Disgruntled Programmer Accused of Sabotaging Arcade Game Classic - alexyoung
https://threatpost.com/en_us/blogs/hack-mole-disgruntled-programmer-accused-sabotaging-arcade-game-classic-022511

======
pbhjpbhj
First and last para of the article:

" _Marvin Walter Wimberly, Jr., a sixty one year-old programmer and game board
designer has been charged by authorities in Florida with committing computer
crimes with the intent to defraud after his employer, game maker Bob's Space
Racers (BSR) uncovered an elaborate scheme in which popular arcade games were
programmed to self destruct._ "

" _Reached by phone, Wimberly said that the information contained in the
affadavit was inaccurate, but declined to comment further, citing the wishes
of his attorneys._ " [sic]

------
__david__
It's an interesting technique to drum up business in the short term, but it
seems ultimately self destructive--if the code you are responsible is dying
constantly then it just makes you look incompetent.

> In 2008, after changes to his consulting arrangement with the company, BSR
> offered Wimberly a job as a full time employee, hoping to replace his
> consulting fees with a salary.
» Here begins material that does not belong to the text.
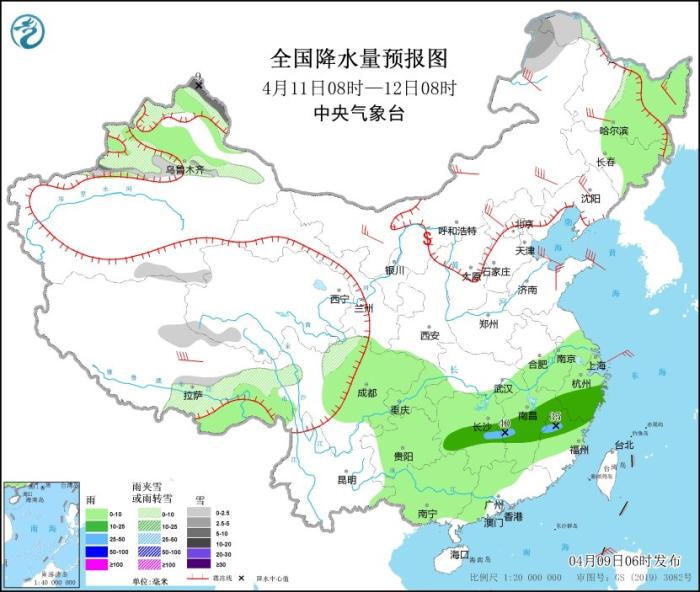 4月11日08時至12日08時,新疆北疆北部和沿天山地區(qū)、內(nèi)蒙古東北部、黑龍江西北部、西藏東部和南部、青海西部、川西高原北部等地部分地區(qū)有小到中雪或雨夾雪,其中,新疆阿勒泰北部等地部分地區(qū)有中到大雪(5~9毫米)。東北地區(qū)東部、西藏東南部、西南地區(qū)東部、江淮大部、江南、華南西部和北部等地部分地區(qū)有小到中雨,其中,湖南中部、江西中部、福建西北部等地部分地區(qū)有大雨(25~40毫米)。內(nèi)蒙古中東部、東北地區(qū)大部、華北東北部、山東半島等地部分地區(qū)有4~6級風,其中,內(nèi)蒙古東部、西藏中部等地部分地區(qū)有6~7級風。

Wimberly rejected that offer and, instead,
> increased his fee for maintaining the games by 250%.

Wow, that's cut-throat! Though I suppose we don't know his rate before and
after (maybe he went from $10/hour to $35/hour).

------
tumult
Accused.

------
iwwr
That's a would-be SaaS programmer right there.

------
leon_
> The machine was later tested and found to contain a virus believed to have
> been created by Wimberly.

I bet his next step was to start an arcade anti virus company.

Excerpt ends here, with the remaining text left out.